→ YOUR INSTRUCTIONS: The answer should be an exact copy of the data.

Saved entries
::::::

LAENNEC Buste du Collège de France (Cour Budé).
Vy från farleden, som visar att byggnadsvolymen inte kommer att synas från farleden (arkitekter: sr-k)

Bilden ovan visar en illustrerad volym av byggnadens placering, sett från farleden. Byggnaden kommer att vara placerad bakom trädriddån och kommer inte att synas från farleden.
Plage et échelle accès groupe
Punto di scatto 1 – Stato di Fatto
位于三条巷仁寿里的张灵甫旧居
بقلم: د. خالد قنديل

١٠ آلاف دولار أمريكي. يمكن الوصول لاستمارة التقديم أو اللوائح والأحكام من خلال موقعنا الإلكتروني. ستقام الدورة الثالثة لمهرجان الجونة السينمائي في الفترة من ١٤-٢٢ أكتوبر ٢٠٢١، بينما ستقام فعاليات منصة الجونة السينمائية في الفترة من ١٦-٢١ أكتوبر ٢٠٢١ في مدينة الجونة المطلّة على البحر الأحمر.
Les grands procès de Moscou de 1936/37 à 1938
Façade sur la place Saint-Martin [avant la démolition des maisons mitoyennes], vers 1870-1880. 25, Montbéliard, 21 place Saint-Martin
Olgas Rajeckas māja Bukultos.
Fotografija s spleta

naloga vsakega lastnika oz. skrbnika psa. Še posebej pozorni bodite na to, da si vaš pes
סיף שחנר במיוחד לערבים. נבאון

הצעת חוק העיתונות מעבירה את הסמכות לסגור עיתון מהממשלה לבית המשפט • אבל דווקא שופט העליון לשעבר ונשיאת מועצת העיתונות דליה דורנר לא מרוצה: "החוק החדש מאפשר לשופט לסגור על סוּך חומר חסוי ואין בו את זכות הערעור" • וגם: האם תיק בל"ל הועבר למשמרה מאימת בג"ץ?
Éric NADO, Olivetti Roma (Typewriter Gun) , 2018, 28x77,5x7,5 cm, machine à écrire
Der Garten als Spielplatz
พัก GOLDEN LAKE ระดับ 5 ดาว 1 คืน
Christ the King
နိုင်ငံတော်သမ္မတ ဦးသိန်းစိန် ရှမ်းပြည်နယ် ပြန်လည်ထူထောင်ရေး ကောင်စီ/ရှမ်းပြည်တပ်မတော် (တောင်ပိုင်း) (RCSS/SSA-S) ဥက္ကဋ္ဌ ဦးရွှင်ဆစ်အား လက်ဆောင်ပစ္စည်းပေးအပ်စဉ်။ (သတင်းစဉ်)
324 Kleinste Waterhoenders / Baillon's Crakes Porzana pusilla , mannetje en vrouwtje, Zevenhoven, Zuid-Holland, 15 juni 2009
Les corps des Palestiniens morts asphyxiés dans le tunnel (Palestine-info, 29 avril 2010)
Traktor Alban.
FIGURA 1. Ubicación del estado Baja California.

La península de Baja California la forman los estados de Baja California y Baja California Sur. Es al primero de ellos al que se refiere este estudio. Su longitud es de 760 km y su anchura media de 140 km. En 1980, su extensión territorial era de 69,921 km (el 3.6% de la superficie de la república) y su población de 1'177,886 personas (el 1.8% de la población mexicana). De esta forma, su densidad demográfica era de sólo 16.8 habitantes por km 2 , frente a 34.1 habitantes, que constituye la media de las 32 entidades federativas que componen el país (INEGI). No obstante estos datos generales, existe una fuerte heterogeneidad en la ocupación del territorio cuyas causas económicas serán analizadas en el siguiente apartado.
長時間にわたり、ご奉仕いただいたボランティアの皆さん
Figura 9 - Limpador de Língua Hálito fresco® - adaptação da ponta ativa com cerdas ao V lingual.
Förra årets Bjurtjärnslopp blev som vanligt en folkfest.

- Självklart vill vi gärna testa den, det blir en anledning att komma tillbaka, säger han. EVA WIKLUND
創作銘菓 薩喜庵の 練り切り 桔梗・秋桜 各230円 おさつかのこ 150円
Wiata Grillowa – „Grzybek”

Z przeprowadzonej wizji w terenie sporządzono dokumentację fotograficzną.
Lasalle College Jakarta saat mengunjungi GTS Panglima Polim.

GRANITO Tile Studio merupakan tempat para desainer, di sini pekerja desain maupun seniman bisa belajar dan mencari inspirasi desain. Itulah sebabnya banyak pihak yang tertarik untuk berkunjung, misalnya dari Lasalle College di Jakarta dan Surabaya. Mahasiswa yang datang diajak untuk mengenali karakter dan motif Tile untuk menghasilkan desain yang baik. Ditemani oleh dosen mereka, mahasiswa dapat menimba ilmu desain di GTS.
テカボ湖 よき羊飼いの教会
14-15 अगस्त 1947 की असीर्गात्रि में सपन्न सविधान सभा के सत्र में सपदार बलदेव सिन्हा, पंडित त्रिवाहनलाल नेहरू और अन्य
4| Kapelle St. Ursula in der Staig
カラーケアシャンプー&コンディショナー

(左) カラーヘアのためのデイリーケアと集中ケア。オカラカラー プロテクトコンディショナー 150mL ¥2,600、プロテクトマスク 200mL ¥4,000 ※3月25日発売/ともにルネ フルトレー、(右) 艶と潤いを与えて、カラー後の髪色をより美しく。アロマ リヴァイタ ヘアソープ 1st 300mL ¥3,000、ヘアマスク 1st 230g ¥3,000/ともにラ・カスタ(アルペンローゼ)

::::::

→ WRITTEN ANSWER:
LAENNEC Buste du Collège de France (Cour Budé).
Vy från farleden, som visar att byggnadsvolymen inte kommer att synas från farleden (arkitekter: sr-k)

Bilden ovan visar en illustrerad volym av byggnadens placering, sett från farleden. Byggnaden kommer att vara placerad bakom trädriddån och kommer inte att synas från farleden.
Plage et échelle accès groupe
Punto di scatto 1 – Stato di Fatto
位于三条巷仁寿里的张灵甫旧居
بقلم: د. خالد قنديل

١٠ آلاف دولار أمريكي. يمكن الوصول لاستمارة التقديم أو اللوائح والأحكام من خلال موقعنا الإلكتروني. ستقام الدورة الثالثة لمهرجان الجونة السينمائي في الفترة من ١٤-٢٢ أكتوبر ٢٠٢١، بينما ستقام فعاليات منصة الجونة السينمائية في الفترة من ١٦-٢١ أكتوبر ٢٠٢١ في مدينة الجونة المطلّة على البحر الأحمر.
Les grands procès de Moscou de 1936/37 à 1938
Façade sur la place Saint-Martin [avant la démolition des maisons mitoyennes], vers 1870-1880. 25, Montbéliard, 21 place Saint-Martin
Olgas Rajeckas māja Bukultos.
Fotografija s spleta

naloga vsakega lastnika oz. skrbnika psa. Še posebej pozorni bodite na to, da si vaš pes
סיף שחנר במיוחד לערבים. נבאון

הצעת חוק העיתונות מעבירה את הסמכות לסגור עיתון מהממשלה לבית המשפט • אבל דווקא שופט העליון לשעבר ונשיאת מועצת העיתונות דליה דורנר לא מרוצה: "החוק החדש מאפשר לשופט לסגור על סוּך חומר חסוי ואין בו את זכות הערעור" • וגם: האם תיק בל"ל הועבר למשמרה מאימת בג"ץ?
Éric NADO, Olivetti Roma (Typewriter Gun) , 2018, 28x77,5x7,5 cm, machine à écrire
Der Garten als Spielplatz
พัก GOLDEN LAKE ระดับ 5 ดาว 1 คืน
Christ the King
နိုင်ငံတော်သမ္မတ ဦးသိန်းစိန် ရှမ်းပြည်နယ် ပြန်လည်ထူထောင်ရေး ကောင်စီ/ရှမ်းပြည်တပ်မတော် (တောင်ပိုင်း) (RCSS/SSA-S) ဥက္ကဋ္ဌ ဦးရွှင်ဆစ်အား လက်ဆောင်ပစ္စည်းပေးအပ်စဉ်။ (သတင်းစဉ်)
324 Kleinste Waterhoenders / Baillon's Crakes Porzana pusilla , mannetje en vrouwtje, Zevenhoven, Zuid-Holland, 15 juni 2009
Les corps des Palestiniens morts asphyxiés dans le tunnel (Palestine-info, 29 avril 2010)
Traktor Alban.
FIGURA 1. Ubicación del estado Baja California.

La península de Baja California la forman los estados de Baja California y Baja California Sur. Es al primero de ellos al que se refiere este estudio. Su longitud es de 760 km y su anchura media de 140 km. En 1980, su extensión territorial era de 69,921 km (el 3.6% de la superficie de la república) y su población de 1'177,886 personas (el 1.8% de la población mexicana). De esta forma, su densidad demográfica era de sólo 16.8 habitantes por km 2 , frente a 34.1 habitantes, que constituye la media de las 32 entidades federativas que componen el país (INEGI). No obstante estos datos generales, existe una fuerte heterogeneidad en la ocupación del territorio cuyas causas económicas serán analizadas en el siguiente apartado.
長時間にわたり、ご奉仕いただいたボランティアの皆さん
Figura 9 - Limpador de Língua Hálito fresco® - adaptação da ponta ativa com cerdas ao V lingual.
Förra årets Bjurtjärnslopp blev som vanligt en folkfest.

- Självklart vill vi gärna testa den, det blir en anledning att komma tillbaka, säger han. EVA WIKLUND
創作銘菓 薩喜庵の 練り切り 桔梗・秋桜 各230円 おさつかのこ 150円
Wiata Grillowa – „Grzybek”

Z przeprowadzonej wizji w terenie sporządzono dokumentację fotograficzną.
Lasalle College Jakarta saat mengunjungi GTS Panglima Polim.

GRANITO Tile Studio merupakan tempat para desainer, di sini pekerja desain maupun seniman bisa belajar dan mencari inspirasi desain. Itulah sebabnya banyak pihak yang tertarik untuk berkunjung, misalnya dari Lasalle College di Jakarta dan Surabaya. Mahasiswa yang datang diajak untuk mengenali karakter dan motif Tile untuk menghasilkan desain yang baik. Ditemani oleh dosen mereka, mahasiswa dapat menimba ilmu desain di GTS.
テカボ湖 よき羊飼いの教会
14-15 अगस्त 1947 की असीर्गात्रि में सपन्न सविधान सभा के सत्र में सपदार बलदेव सिन्हा, पंडित त्रिवाहनलाल नेहरू और अन्य
4| Kapelle St. Ursula in der Staig
カラーケアシャンプー&コンディショナー

(左) カラーヘアのためのデイリーケアと集中ケア。オカラカラー プロテクトコンディショナー 150mL ¥2,600、プロテクトマスク 200mL ¥4,000 ※3月25日発売/ともにルネ フルトレー、(右) 艶と潤いを与えて、カラー後の髪色をより美しく。アロマ リヴァイタ ヘアソープ 1st 300mL ¥3,000、ヘアマスク 1st 230g ¥3,000/ともにラ・カスタ(アルペンローゼ)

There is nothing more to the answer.